They’re only words, but words are all we have

When I worked at a regional food bank, there was one word we did not use in relationship to hunger: fight. Fighting hunger, like fighting grease or fighting off sleep, makes for a good image. As the person who was responsible for shaping how the food bank communicated its mission to the public and asked for their support, I would have liked to be able to talk about fighting hunger. But the recently retired Executive Director was a Quaker, and Quakers are famously non-violent. He was insistent that we communicate non-violence in our words as well as our work.

To be honest, this awareness of language was a pain in the ass at first. We had a lot of work to do and doing it well meant more food for more people, so we wanted to get it done not talk about how we talk about things. Still, the more time I spent wrestling with the challenge, the more I came to appreciate why being picky about words is important. When we get imprecise about language, we can open up the possibility that meanings slip through the gates of figurative usage like gifts from departing Trojans.

Take, for instance, the War on Poverty. Lyndon Johnson introduced a series of legislative proposals that he wanted to be seen as parts of a whole. The aim of those proposals was to reduce or eliminate both the effects and the causes of poverty in the United States. Johnson had idolized Franklin Roosevelt and wanted to imitate or exceed Roosevelt’s New Deal. To do this, Johnson envisioned a sweeping program called the “Great Society,” but that was too abstract to be useful for selling massive social programs to conservative senators. The War on Poverty was sounded focused and energetic, and besides, everyone knew it was not a real war.

Figurative war is so compelling that it can be applied to a lot of things: debt, bureaucracy, crime, drugs. And everyone knows these are not real wars, right? We are not carpet bombing the national debt (although it might be argued that an excessive capability for carpet bombing is a significant cause of our indebtedness). There are not bureaucratic brigades manning barricades at the intersection of Connecticut and K Street. And even though the nation’s police departments have been equipped by the Federal government with military weapons, vehicles, and tactical gear, that doesn’t make the War on Crime an actual war, does it? Not any more than the War on Drugs could be considered a real war even though US personnel are deployed in foreign countries to advise and collaborate on what are essentially combat operations and the US Navy is sinking vessels in the Caribbean under the premise of drug interdiction.

And what is the War on Terror? It seems much more like an actual war than the War on Poverty, but it is not a war that has been declared. There’s no articulated goal (“end terror” doesn’t count) and the shifting sands of strategy are probably not even clear to the people tasked with formulating strategy. “War,” it seems, has come to mean little and justify a lot. Declaring a city like Portland, Oregon a “war zone” is easy to do because the essence of the word has become so diffuse but its impact is very apparent. Wars call for warriors. Warriors fight. They fight to win and do not count the cost, no matter how devastating.

There is another word for something without an essence of its own, a thing which is evident only by its debilitating impact on other things: evil.
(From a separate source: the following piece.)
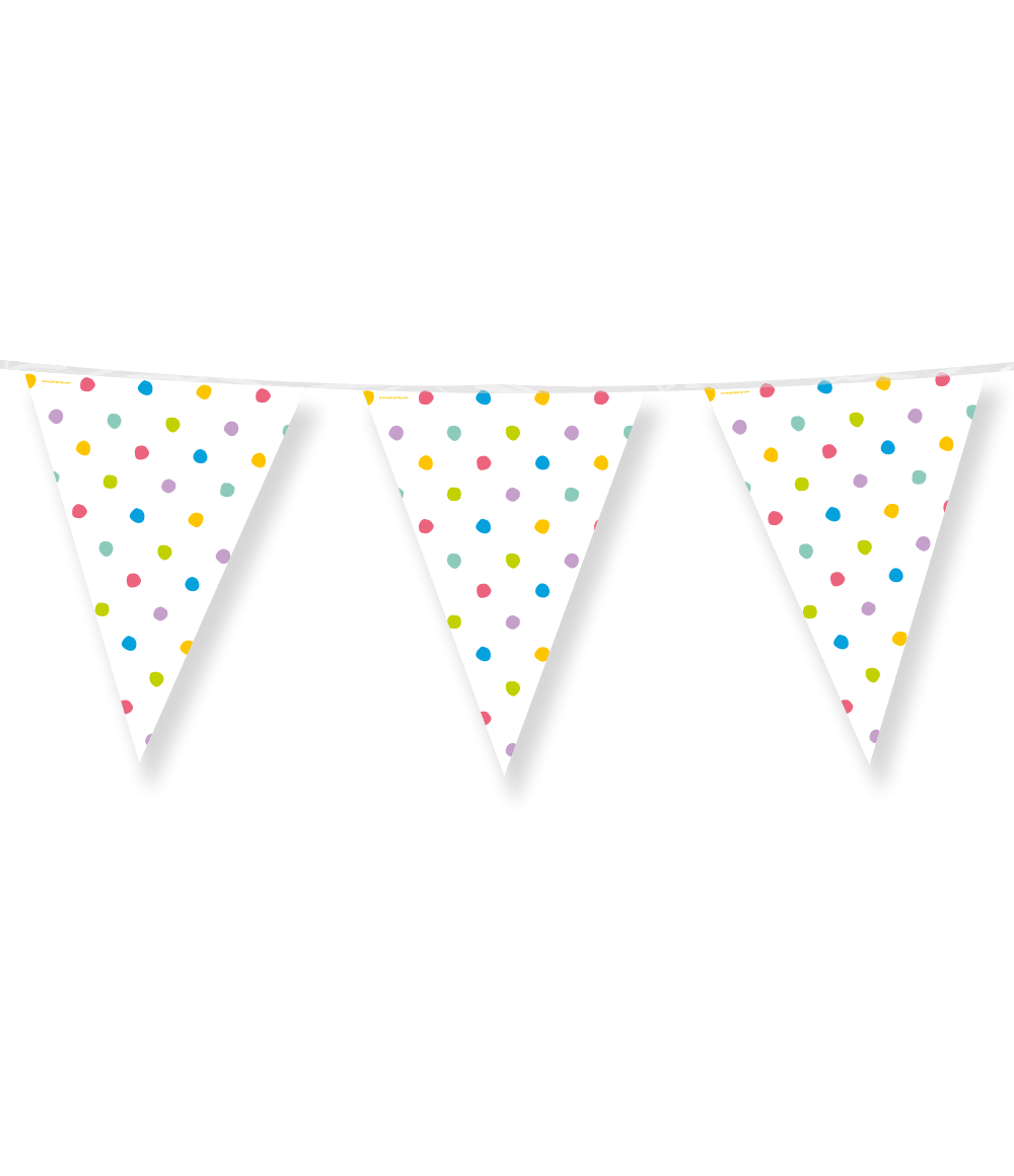 Geef ieder feestje meteen een kleurrijke boost met deze Party flags - Party Dots! De vrolijke stippenprint maakt deze vlaggenlijn een echte blikvanger en perfect voor verjaardagen, kinderfeestjes, summer parties of elke gelegenheid die wel wat extra kleur kan gebruiken.

With apologies to people who know the work of Karl Barth much better than I do, this “nothingness” is how Barth describes evil in Volume 3 of his Church Dogmatics. There are echoes in Barth’s work of St. Augustine’s description of evil as a kind of “rust” that eats at what is created by God (with is everything that is). William Tecumseh Sherman invoked this sense of evil — either knowingly or intuitively — when he rightly said, “War is all Hell.”
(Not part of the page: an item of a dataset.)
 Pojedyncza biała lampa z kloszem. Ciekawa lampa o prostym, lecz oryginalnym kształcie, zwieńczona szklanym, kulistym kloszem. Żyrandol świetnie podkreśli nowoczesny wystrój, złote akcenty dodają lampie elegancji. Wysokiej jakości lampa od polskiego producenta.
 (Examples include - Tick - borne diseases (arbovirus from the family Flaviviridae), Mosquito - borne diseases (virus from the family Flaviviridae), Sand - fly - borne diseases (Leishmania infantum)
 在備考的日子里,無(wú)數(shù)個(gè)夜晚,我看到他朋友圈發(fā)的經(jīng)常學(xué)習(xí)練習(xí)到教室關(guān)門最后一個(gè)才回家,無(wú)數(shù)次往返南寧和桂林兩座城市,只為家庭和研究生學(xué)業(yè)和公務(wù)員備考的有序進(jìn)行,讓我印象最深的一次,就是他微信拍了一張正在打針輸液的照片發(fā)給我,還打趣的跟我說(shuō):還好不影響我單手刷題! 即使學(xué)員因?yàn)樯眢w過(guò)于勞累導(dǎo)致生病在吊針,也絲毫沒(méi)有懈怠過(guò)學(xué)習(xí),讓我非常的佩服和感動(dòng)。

The ruddy Ohioan was talking about the act of war, but it is increasingly clear that even the language of war opens up a gate through which the chaos and degradation of violence can be unleashed on populations that have been experiencing less and less of it in recent years. What does the President mean when he says “Inner cities are a big part of war”? It seems that by invoking such language he is — either knowingly or intuitively — cooperating with a thing which has no essence of its own, a thing which is only evident in its impact.